You will need the following packages for this tutorial.
library(tidyverse)
library(ggplot2)
library(ggpubr)
library(kableExtra)
library(weathermetrics)
You will work with the mpg
dataset from the
ggplot2
package. mpg
contains a subset of the
fuel economy data that EPA makes available here. The data frame has 234 rows
and 11 variables:
You can also type ?mpg
into the console to learn
more.
Let’s get an overview of the data.
head(mpg)
In previous weeks we learned that str()
can be used to
get an overview of the data and the structure of a dataframe. You can
also use glimpse()
from the tidyverse
which
returns similar results in a more readable format.
glimpse(mpg)
## Rows: 234
## Columns: 11
## $ manufacturer <chr> "audi", "audi", "audi", "audi", "audi", "audi", "audi", "…
## $ model <chr> "a4", "a4", "a4", "a4", "a4", "a4", "a4", "a4 quattro", "…
## $ displ <dbl> 1.8, 1.8, 2.0, 2.0, 2.8, 2.8, 3.1, 1.8, 1.8, 2.0, 2.0, 2.…
## $ year <int> 1999, 1999, 2008, 2008, 1999, 1999, 2008, 1999, 1999, 200…
## $ cyl <int> 4, 4, 4, 4, 6, 6, 6, 4, 4, 4, 4, 6, 6, 6, 6, 6, 6, 8, 8, …
## $ trans <chr> "auto(l5)", "manual(m5)", "manual(m6)", "auto(av)", "auto…
## $ drv <chr> "f", "f", "f", "f", "f", "f", "f", "4", "4", "4", "4", "4…
## $ cty <int> 18, 21, 20, 21, 16, 18, 18, 18, 16, 20, 19, 15, 17, 17, 1…
## $ hwy <int> 29, 29, 31, 30, 26, 26, 27, 26, 25, 28, 27, 25, 25, 25, 2…
## $ fl <chr> "p", "p", "p", "p", "p", "p", "p", "p", "p", "p", "p", "p…
## $ class <chr> "compact", "compact", "compact", "compact", "compact", "c…
Before you begin exploring your data, you need to check that the class or mode of your variables is as expected. Remember from previous practicals, you have character/factor and numerical/integer types.
# All variables that are listed as 'character' are categorical and should be listed as 'factor'.
# Here we should change all of the character variables to factor variables with levels. For now, we leave the levels as they are.

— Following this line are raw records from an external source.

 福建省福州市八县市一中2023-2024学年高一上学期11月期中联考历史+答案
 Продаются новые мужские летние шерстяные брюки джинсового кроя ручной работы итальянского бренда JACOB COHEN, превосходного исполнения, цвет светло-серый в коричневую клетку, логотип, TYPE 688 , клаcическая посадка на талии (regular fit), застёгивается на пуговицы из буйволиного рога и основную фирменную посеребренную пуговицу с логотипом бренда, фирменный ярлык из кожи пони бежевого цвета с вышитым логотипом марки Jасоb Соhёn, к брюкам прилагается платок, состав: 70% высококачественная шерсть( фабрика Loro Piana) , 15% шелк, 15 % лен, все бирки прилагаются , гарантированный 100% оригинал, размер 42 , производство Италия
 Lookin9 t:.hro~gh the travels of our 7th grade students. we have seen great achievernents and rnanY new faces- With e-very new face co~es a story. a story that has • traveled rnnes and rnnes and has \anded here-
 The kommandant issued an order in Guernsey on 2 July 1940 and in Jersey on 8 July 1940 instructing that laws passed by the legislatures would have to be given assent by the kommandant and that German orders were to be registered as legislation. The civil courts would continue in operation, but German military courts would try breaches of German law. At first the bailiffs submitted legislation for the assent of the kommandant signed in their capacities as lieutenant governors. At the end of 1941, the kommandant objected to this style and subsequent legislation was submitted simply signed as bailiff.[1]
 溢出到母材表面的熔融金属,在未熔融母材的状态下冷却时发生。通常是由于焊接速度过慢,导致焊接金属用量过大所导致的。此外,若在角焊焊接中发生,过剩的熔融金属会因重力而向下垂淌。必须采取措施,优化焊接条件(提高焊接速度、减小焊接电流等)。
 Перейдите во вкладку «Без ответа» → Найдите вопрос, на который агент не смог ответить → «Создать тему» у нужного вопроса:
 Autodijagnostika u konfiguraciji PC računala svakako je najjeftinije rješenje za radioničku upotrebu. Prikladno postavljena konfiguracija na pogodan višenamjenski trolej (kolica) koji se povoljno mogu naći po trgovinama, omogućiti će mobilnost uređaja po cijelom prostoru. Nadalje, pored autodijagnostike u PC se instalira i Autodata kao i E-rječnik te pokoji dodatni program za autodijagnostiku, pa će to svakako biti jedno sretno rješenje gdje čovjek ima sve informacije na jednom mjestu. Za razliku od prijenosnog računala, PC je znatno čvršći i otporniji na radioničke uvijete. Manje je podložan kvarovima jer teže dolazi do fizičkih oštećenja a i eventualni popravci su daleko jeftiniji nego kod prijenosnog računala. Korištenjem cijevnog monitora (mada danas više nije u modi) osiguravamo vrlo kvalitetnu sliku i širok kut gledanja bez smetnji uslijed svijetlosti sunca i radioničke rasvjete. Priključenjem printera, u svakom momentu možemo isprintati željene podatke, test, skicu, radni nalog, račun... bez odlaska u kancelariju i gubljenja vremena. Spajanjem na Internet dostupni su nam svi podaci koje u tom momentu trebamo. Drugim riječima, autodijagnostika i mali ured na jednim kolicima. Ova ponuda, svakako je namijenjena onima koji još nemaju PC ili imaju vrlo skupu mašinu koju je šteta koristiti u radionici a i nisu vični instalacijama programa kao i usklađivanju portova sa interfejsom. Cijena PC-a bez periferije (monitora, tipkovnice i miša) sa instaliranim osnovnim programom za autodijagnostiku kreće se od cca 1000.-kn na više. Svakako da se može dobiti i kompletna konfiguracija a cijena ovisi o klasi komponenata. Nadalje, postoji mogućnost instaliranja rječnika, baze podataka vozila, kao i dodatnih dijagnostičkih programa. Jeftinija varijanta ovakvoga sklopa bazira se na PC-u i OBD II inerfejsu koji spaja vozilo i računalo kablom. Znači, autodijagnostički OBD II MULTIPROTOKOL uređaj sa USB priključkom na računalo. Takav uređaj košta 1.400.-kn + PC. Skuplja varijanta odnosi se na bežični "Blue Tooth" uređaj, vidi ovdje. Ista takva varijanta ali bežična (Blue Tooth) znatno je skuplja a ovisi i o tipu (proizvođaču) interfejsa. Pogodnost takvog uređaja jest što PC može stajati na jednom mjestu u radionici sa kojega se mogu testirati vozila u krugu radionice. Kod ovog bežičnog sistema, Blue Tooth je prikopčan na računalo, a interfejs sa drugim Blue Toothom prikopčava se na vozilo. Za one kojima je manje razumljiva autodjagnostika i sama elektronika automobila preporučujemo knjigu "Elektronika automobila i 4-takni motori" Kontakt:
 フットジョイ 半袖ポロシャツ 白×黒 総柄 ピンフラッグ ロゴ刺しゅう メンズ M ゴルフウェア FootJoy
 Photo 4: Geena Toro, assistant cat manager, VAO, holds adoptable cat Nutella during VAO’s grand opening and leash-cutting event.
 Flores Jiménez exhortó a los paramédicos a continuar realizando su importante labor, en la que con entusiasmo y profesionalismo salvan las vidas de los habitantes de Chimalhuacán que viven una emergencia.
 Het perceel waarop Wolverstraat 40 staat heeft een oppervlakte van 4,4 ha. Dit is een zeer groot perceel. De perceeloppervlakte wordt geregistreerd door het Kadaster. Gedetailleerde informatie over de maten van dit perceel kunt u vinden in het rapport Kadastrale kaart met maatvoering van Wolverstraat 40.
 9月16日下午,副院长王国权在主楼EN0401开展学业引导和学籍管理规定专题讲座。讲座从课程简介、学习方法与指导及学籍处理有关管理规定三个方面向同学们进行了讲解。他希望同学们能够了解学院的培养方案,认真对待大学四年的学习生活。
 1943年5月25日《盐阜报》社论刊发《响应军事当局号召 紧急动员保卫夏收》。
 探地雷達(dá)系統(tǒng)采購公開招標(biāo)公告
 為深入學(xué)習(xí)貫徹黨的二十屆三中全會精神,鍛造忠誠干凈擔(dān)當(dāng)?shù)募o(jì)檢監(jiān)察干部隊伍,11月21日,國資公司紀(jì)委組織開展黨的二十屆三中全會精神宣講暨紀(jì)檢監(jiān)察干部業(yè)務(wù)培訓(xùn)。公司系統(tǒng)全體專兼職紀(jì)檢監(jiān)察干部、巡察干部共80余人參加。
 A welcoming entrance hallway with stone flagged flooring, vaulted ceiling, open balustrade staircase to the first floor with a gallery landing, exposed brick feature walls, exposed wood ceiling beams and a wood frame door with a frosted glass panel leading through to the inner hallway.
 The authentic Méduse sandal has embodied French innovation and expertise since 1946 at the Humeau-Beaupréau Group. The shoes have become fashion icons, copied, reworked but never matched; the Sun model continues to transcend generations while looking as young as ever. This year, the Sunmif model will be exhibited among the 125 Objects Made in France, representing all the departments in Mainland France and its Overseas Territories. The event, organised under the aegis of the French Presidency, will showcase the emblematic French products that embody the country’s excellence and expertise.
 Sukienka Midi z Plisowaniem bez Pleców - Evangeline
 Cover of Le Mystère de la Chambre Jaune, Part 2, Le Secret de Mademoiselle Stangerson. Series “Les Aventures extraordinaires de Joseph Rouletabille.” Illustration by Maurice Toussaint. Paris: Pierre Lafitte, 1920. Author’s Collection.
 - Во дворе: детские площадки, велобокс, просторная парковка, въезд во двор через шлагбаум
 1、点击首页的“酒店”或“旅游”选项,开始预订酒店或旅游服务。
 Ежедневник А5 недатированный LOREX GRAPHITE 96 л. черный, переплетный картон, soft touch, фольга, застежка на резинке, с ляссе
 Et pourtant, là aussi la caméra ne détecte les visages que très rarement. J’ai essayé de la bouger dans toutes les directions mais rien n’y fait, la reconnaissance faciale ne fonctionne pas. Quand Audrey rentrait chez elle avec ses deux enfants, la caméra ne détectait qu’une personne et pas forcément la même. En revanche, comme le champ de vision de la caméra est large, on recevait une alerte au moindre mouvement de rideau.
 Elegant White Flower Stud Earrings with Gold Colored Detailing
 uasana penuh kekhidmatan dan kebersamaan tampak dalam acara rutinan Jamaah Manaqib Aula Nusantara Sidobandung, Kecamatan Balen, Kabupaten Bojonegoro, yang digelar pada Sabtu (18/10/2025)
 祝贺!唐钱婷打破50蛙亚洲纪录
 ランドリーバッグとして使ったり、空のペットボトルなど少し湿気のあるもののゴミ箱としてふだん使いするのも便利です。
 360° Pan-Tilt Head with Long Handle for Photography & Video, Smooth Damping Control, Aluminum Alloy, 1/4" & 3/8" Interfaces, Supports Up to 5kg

# There are a couple of methods to do this, but the quickest way is using `mutate_if()` which performs a conditional operation. Base R is also fine.
mpg <- mpg %>%
mutate_if(is.character, as.factor)
# If we inspect the data gain using glimpse(), we now see that the character variables are converted into factors
glimpse(mpg)
## Rows: 234
## Columns: 11
## $ manufacturer <fct> audi, audi, audi, audi, audi, audi, audi, audi, audi, aud…
## $ model <fct> a4, a4, a4, a4, a4, a4, a4, a4 quattro, a4 quattro, a4 qu…
## $ displ <dbl> 1.8, 1.8, 2.0, 2.0, 2.8, 2.8, 3.1, 1.8, 1.8, 2.0, 2.0, 2.…
## $ year <int> 1999, 1999, 2008, 2008, 1999, 1999, 2008, 1999, 1999, 200…
## $ cyl <int> 4, 4, 4, 4, 6, 6, 6, 4, 4, 4, 4, 6, 6, 6, 6, 6, 6, 8, 8, …
## $ trans <fct> auto(l5), manual(m5), manual(m6), auto(av), auto(l5), man…
## $ drv <fct> f, f, f, f, f, f, f, 4, 4, 4, 4, 4, 4, 4, 4, 4, 4, 4, r, …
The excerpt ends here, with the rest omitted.